Пропахшее телом воина кимоно теперь было чистым и выглаженным. Конечно, выстирала его Мёсю. «Как приятно чувствовать материнскую заботу», – подумал Мусаси. Судьба обрекла его на одинокое странствование по дорогам жизни; из родни у него была только сестра, которую он никогда не увидит. Мусаси не мигая смотрел на догорающий в очаге огонь. Поднявшись, он решительно произнес: «Пора!» Он засунул меч за пояс, и гнетущая тоска улетучилась. Меч для Мусаси был отцом и матерью, братом и сестрой. Он дал себе такой обет и до конца дней сохранит ему верность. Дзётаро был уже в саду. Взглянув на звездное небо, он подумал, что Оцу еще не спит в этот поздний час. «Какая неожиданность для нее! Обязательно расплачется от радости», – решил мальчик. – Дзётаро, ты вошел сюда через задние ворота? – спросил Мусаси. – А я не знаю. Знаю только, что ворота там, – махнул рукой Дзётаро. – Жди меня там. – А мы не вместе пойдем? – Вместе, но прежде я попрощаюсь с Ёсино. – Хорошо. Дзётаро не хотел отпускать Мусаси даже на несколько минут, но в эту ночь он был готов на все ради учителя. Заведение «Огия» было раем, но недолгим. Мусаси понял, что он не зря провел здесь два дня и две ночи.

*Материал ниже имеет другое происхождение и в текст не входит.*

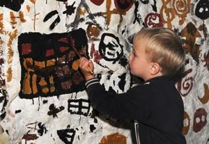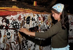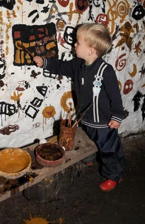 In the roundhouse next door Ian Daniel, interpreter in the Celtic Village, ran wall painting workshops. Tired of the house’s plain white walls, Ian had decided to enlist the public’s help in transforming them with Celtic designs drawn from a portfolio compiled by museum conservator and Iron Age art specialist Mary Davis. By the end of the day dozens of children had covered every spare inch of white wall with an amazing array of designs – all painted with natural pigments.
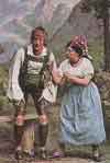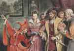 Сцена из оперетты Карла Милёкера "Заколдованный замок". Рисунок к спектаклю "Раймундтеатра", Вена. Коней XIX в. |

До прихода сюда его душа и тело походили на ледяную глыбу, которой были чужды красота луны, запах цветов, ласковое сияние солнца. Мусаси не сомневался в правильности своей суровой жизни, но теперь он понял, что самоистязание способно превратить человека в тупое, ограниченное, скучное существо. Такуан говорил Мусаси, что в нем таится мощь дикого зверя, Никкан предупреждал его об избытке силы. После боя с Дэнситиро Мусаси не мог освободиться от напряжения и скованности. За два дня в Янаги‑мати Мусаси отдохнул. Он пил сакэ, когда хотелось, дремал, читал, немного рисовал, предавался праздности. Раньше он не знал, как важно время от времени отвлекаться от дел, а теперь решил по возможности устраивать себе изредка беззаботную жизнь дня на три‑четыре.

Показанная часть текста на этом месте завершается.